CosmosTableProvider Design

Status

Implemented. Core provider, factory wiring, pipeline refactoring, and simplified key-value storage are complete. Tested against the Cosmos DB Linux emulator (vNext). The graphrag migrate-cosmos CLI tool is planned but not yet built.

Problem Statement

The current AzureCosmosStorage shoehorns Cosmos DB into a blob/file Storage abstraction. This causes:

Issue	Impact
Parquet round-trip: DataFrame → parquet → DataFrame → JSON → Cosmos → reverse	4 serde hops per read and write
Every document is its own partition (`/id`)	All queries are cross-partition fan-outs — the most expensive Cosmos pattern
Entity-specific hacks in the storage layer (`if prefix == "entities":`)	Domain logic leaking into generic abstraction
`child()` is a no-op (`return self`)	Update runs have no namespace isolation — delta/previous collide
`clear()` drops the entire database	No granularity control
Sync SDK used inside async methods	Blocks the event loop
Non-parameterized f-string queries	SQL injection surface (suppressed with noqa)

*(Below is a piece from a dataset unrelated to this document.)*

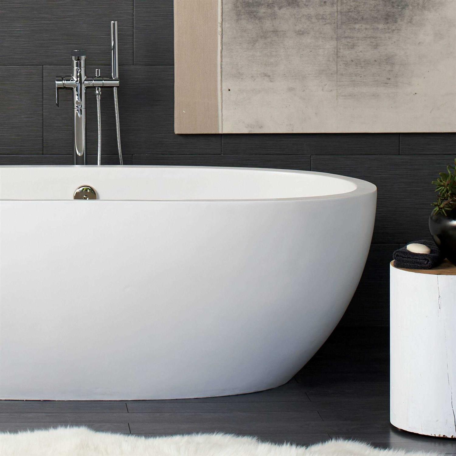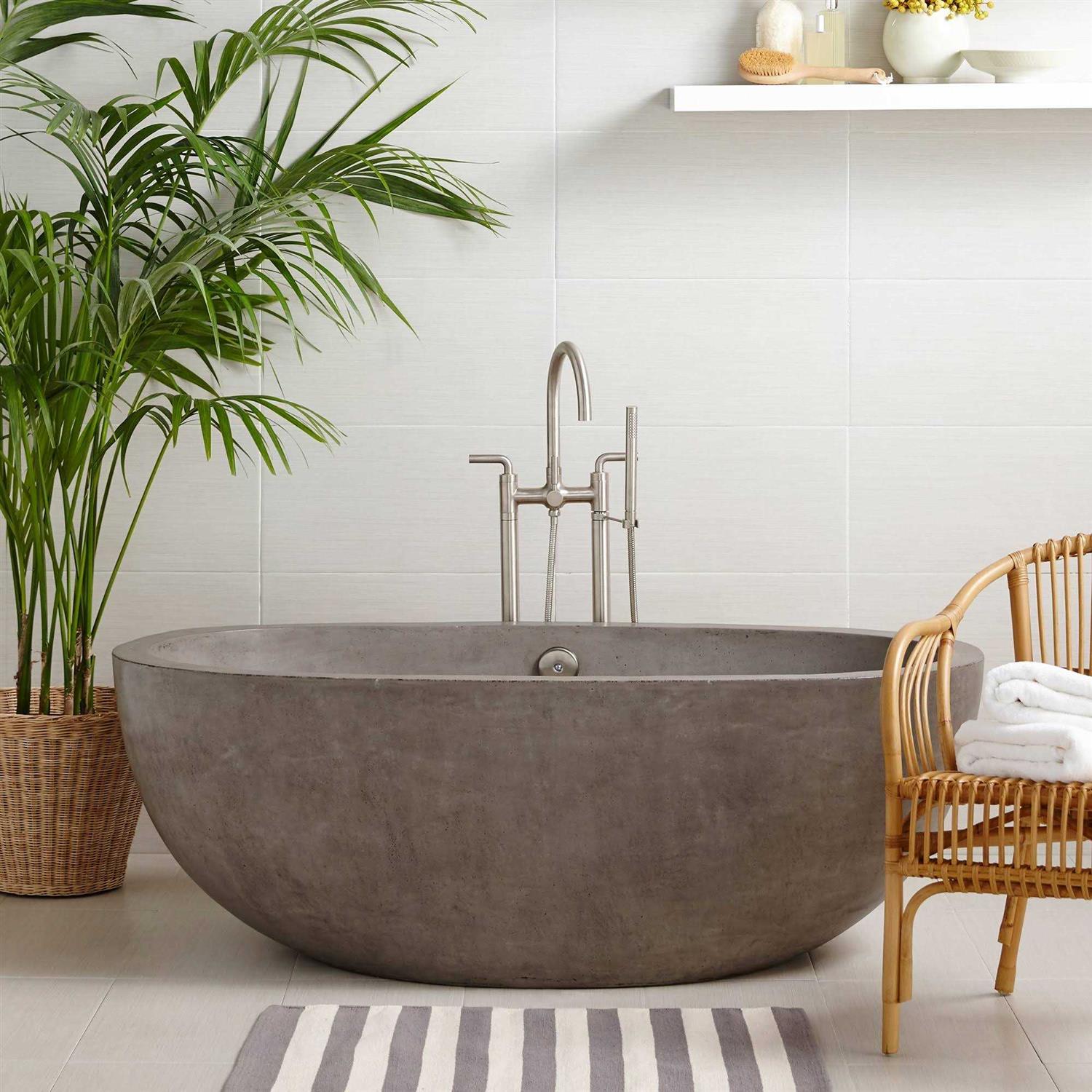 With its perfectly curved form and deep interior, this award-winning NativeStone concrete soaking tub provides breathtaking beauty and optimum comfort. Avalon’s sleek, simplistic lines are muted enough to compliment any design style while bold enough to take center stage in the bath. Made from a combination of natural jute fiber and cement, Avalon is much lighter than a traditional concrete tub. Avalon’s thick walls provide insulation to ensure that a hot, deep, relaxing soak will last. Avalon is available in two sizes: 62 Inch and 72 Inch .

Design: `CosmosTableProvider`

Implement TableProvider directly for Cosmos DB, bypassing the Storage layer entirely for tabular data.

Architecture

                      ┌─────────────────────────────┐
                      │     PipelineRunContext       │
                      ├──────────┬──────────────────┤
                      │ Storage  │  TableProvider    │
                      │(kv only) │                   │
                      ├──────────┼──────────────────┤
  File/Blob backend → │file_stor │ ParquetTableProv │ ← File/Blob pipeline
                      ├──────────┼──────────────────┤
  Cosmos backend    → │cosmos_kv │ CosmosTableProv  │ ← Cosmos pipeline
                      │(metadata)│  (native docs)   │
                      └──────────┴──────────────────┘

Cosmos Document Schema

Container: single container (configurable, default graphrag)
Partition key: /namespace

json

{
    "id":         "entities:42",
    "namespace":  "output",
    "table_name": "entities",
    
    "name":       "JOHN DOE",
    "type":       "PERSON",
    "description": "A character in ...",
    "human_readable_id": 42
}

Field	Purpose	Indexed
`id`	Unique within namespace. Format: `{table_name}:{row_key}`	Yes (built-in)
`namespace`	Partition key. Isolation boundary for child() hierarchy	Yes (partition key)
`table_name`	Discriminator for per-table queries within a namespace	Yes (composite index)
All other fields	DataFrame columns stored as top-level document properties	Configurable

Namespace Mapping

output_table_provider            → namespace = ""  (root / default)
update/20260511/delta            → namespace = "20260511/delta"
update/20260511/previous         → namespace = "20260511/previous"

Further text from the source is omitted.